Ford Motor to send team to help ailing Kia Motors
Ford Motor to send team to help ailing Kia Motors
SEOUL (AFP): A team from the U.S. Ford Motor Co., will arrive in Seoul this week to seek ways to help ailing Kia Motors, while the government said yesterday it was seeking a formula to save the auto maker.
"Ford will send a team sometime this week to Kia Motors to examine ways to help," Yonhap news agency quoted Kim Sun-hong, chairman of Kia Group, as telling reporters while attending the Frankfurt Motor Show.
Kim said he had recently paid a visit to Ford Motor, which has a 9.39 percent stake in Kia, to explain the financial problems facing the parent group, South Korea's eighth-largest conglomerate.
Meanwhile, vice-minister of Finance and Economy Kang Man-soo said the government was trying to come up with ways to solve the Kia crisis, and at the same time minimize losses for the creditor banks.
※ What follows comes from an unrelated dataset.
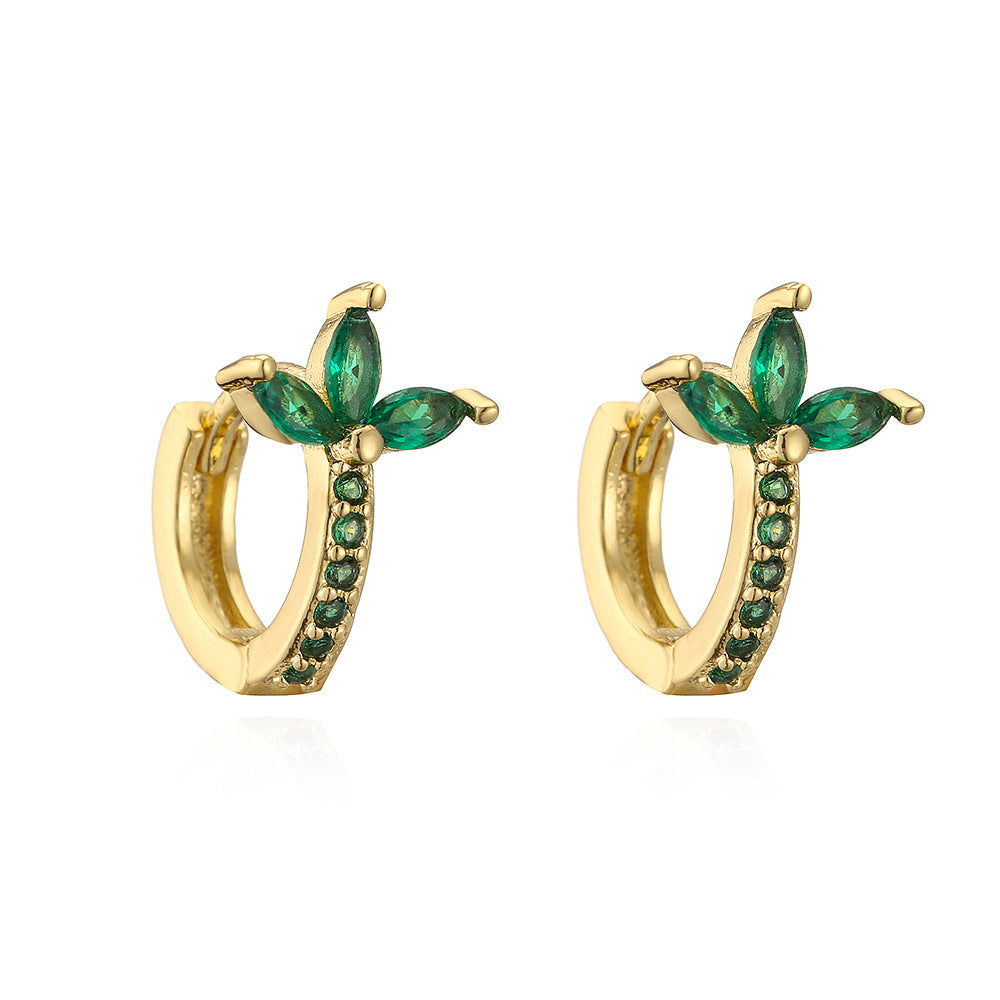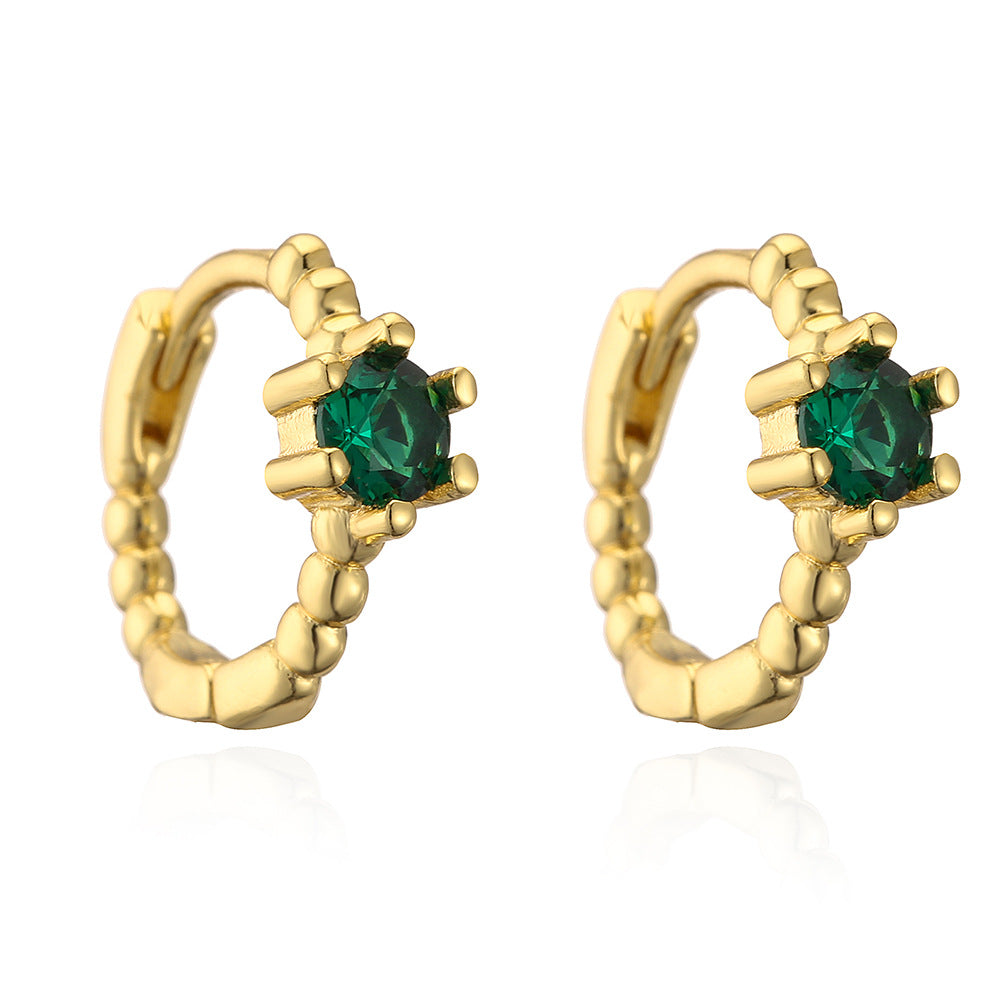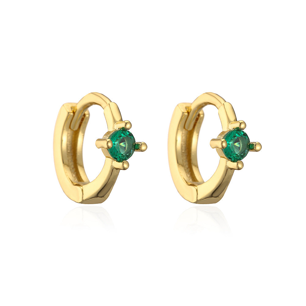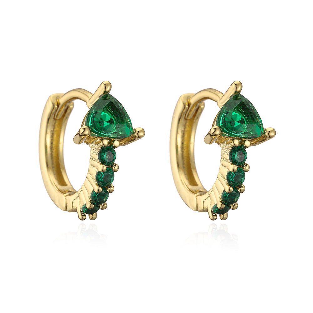 Elegant Geometric Green Zircon Gold Plated Copper Hoop Earrings

He said the government was having a difficult time trying to come up with a solution since it does not favor a third party takeover of the auto maker and the conglomerate is against court protection.
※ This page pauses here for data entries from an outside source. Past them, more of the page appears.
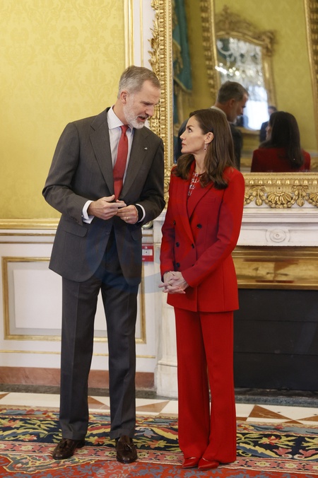 Król Felipe Filip VI i hiszpańska królowa Letycja biorą udział w dorocznym posiedzeniu rady dyrektorów Instytutu Cervantesa w Pałacu Królewskim w Madrycie
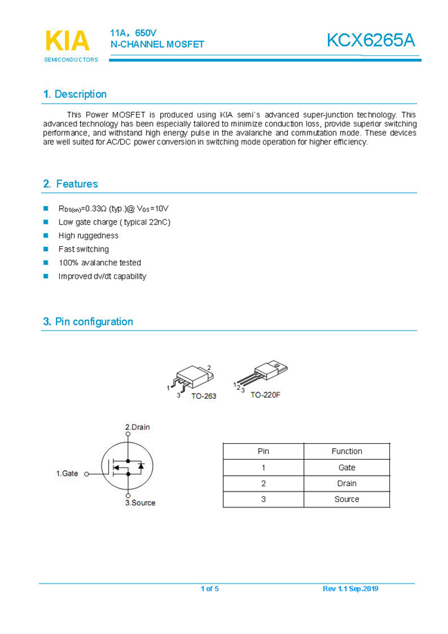 參數(shù): ID(A): 11 BVDSS(V): 650 RDS(ON): 0.33Ω Qg(nC): 22 Package: TO-263、220F
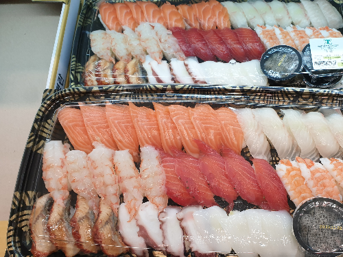 패밀리 초밥은 연어, 광어, 한치, 새우, 장어, 문어 등의 조합이고, 프리미업 초밥은 연어, 참돔, 광어 등의 구성으로 이루어져 있습니다. 아무래도 프리미엄은 진정한 회초밥으로만 구성되어 패밀리초밥의 갯수 대비 가격이 비쌉니다. 홈파티로는 다양하게 구성할 수 있는 패밀리 초밥을 추천 드립니다.
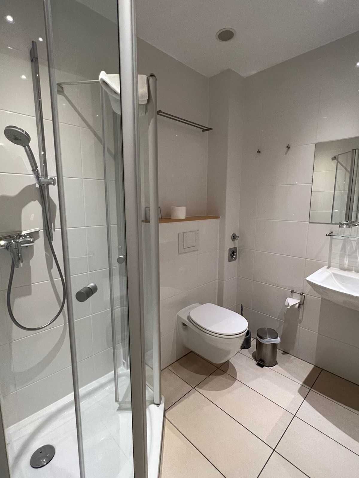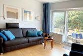 In der 1. Etage bietet Ihnen die freundliche 2-Raum-Ferienwohnung Haus Nordsee Nr. 05 Platz für bis zu 4 Personen. Der behaglich ausgestattete Nichtraucher-Wohnbereich besitzt eine hochwertige Lederschlafcouch mit durchgehender Matratze. Im separatem Schlafzimmer mit Doppelbett und verstellbaren Lattenrosten finden Sie auch einen erholsamen Schlaf. Im modernen Bad finden Sie nicht nur eine Waschmaschine, Sie können dort auch die Musik aus dem Wohnzimmer genießen, wenn Sie z.B. die Stereoanlage und Ihr Smartphone über die vorhandene Bluetooth-Schnittstelle koppeln. Auf dem Balkon in nordwestlicher Ausrichtung können Sie sich auf einer Sitzgruppe mit 4 Balkonstühlen inkl. Auflagen und Tisch entspannen. Durch die Abgewandtheit von der Durchgangsstrasse finden Sie hier erholsame Ruhe und haben einen unverbauten Blick auf den Dünenwald. Restaurants und Cafes sind in unmittelbarer Nähe. Mit Stellplatz Nr. 5

"We are planning to solve the Kia problem by saving Kia Motors and minimizing creditor banks' loss," Kang told reporters.
News reports said Kang had hinted that Kia Motors might be put under creditor banks' management, saying "there are several ways of how it could be managed by banks."
The Naewoe Economic Daily quoted an unnamed ministry official that under such an arrangement, the current management could remain, while the banks managed the financial side.
The Kia Group was put under bank protection in July and faces being declared insolvent when a two-month grace period for loan repayments expires on Sept. 29 -- if self-rescue and bail-out plans do not work out.